(NEW YORK) — From scratches on the playground to spills while biking, parents are constantly trying to protect their children from pain. But what if pain was the one thing your child needed the most?
While Ashlyn Blocker may seem like a normal 12-year-old girl who loves pageants and playing the clarinet, she suffers from a rare genetic disorder that prevents her from feeling pain.
Blocker was born with congenital insensitivity to pain with anhidrosis (CIPA), a disorder that affects the way signals travel from her central nervous system.
Unlike most babies, she never cried when she was hungry or had a diaper rash.

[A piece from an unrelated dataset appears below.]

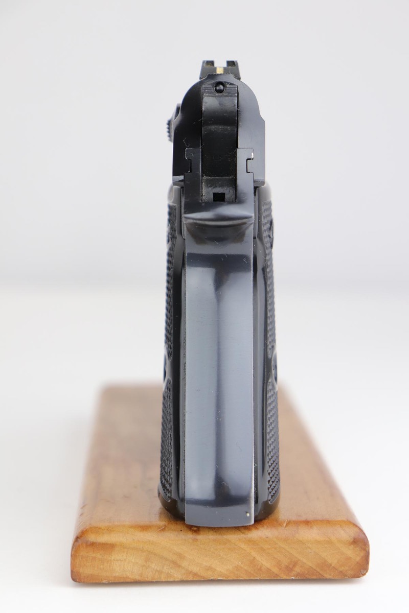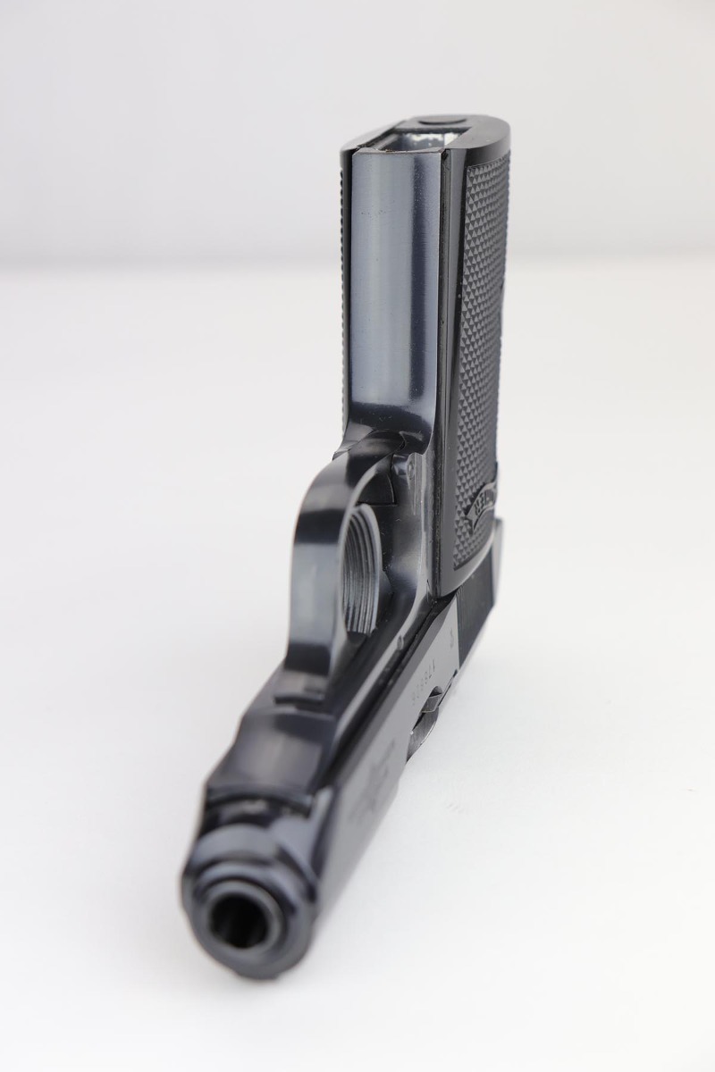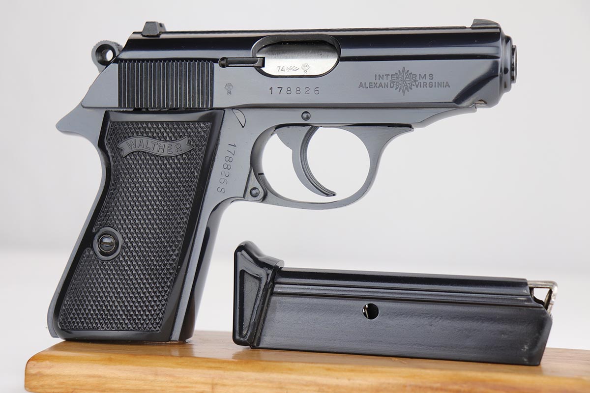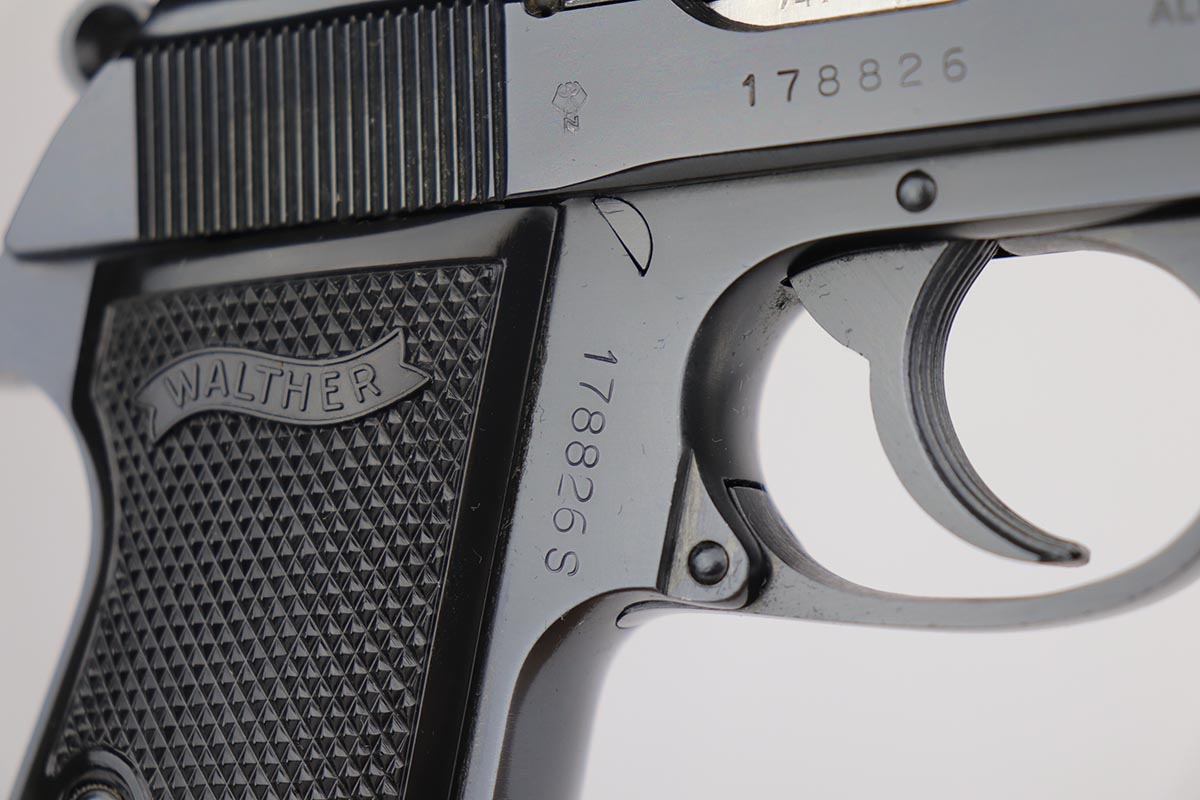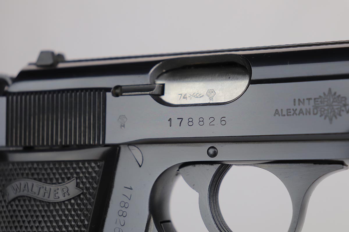 9/27/19 – This is a near-mint Walther PPK/S that was manufactured in 1974 in West Germany. It has 98-99% of the original blue, with a few minor hints of edge wear. Minty bore, grips and finger extension magazine. Interarms import mark on right side slide.

“Everyone thought, ‘Oh, what a good baby you have,’ you know,” said Ashlyn’s father, John Blocker. “But the signs, as time went on, the red flags started going up.”
Her parents first realized that something was wrong when they took their 8-month-old to the eye doctor to treat her irritated eye.
“When they put the dye in her eye, everyone kind of gasped,” John Blocker said. ”She had a big corneal abrasion across her eye. They were just astonished that she wasn’t in pain.”
The doctor’s visit led to the diagnosis of CIPA, which affects only about 100 people worldwide.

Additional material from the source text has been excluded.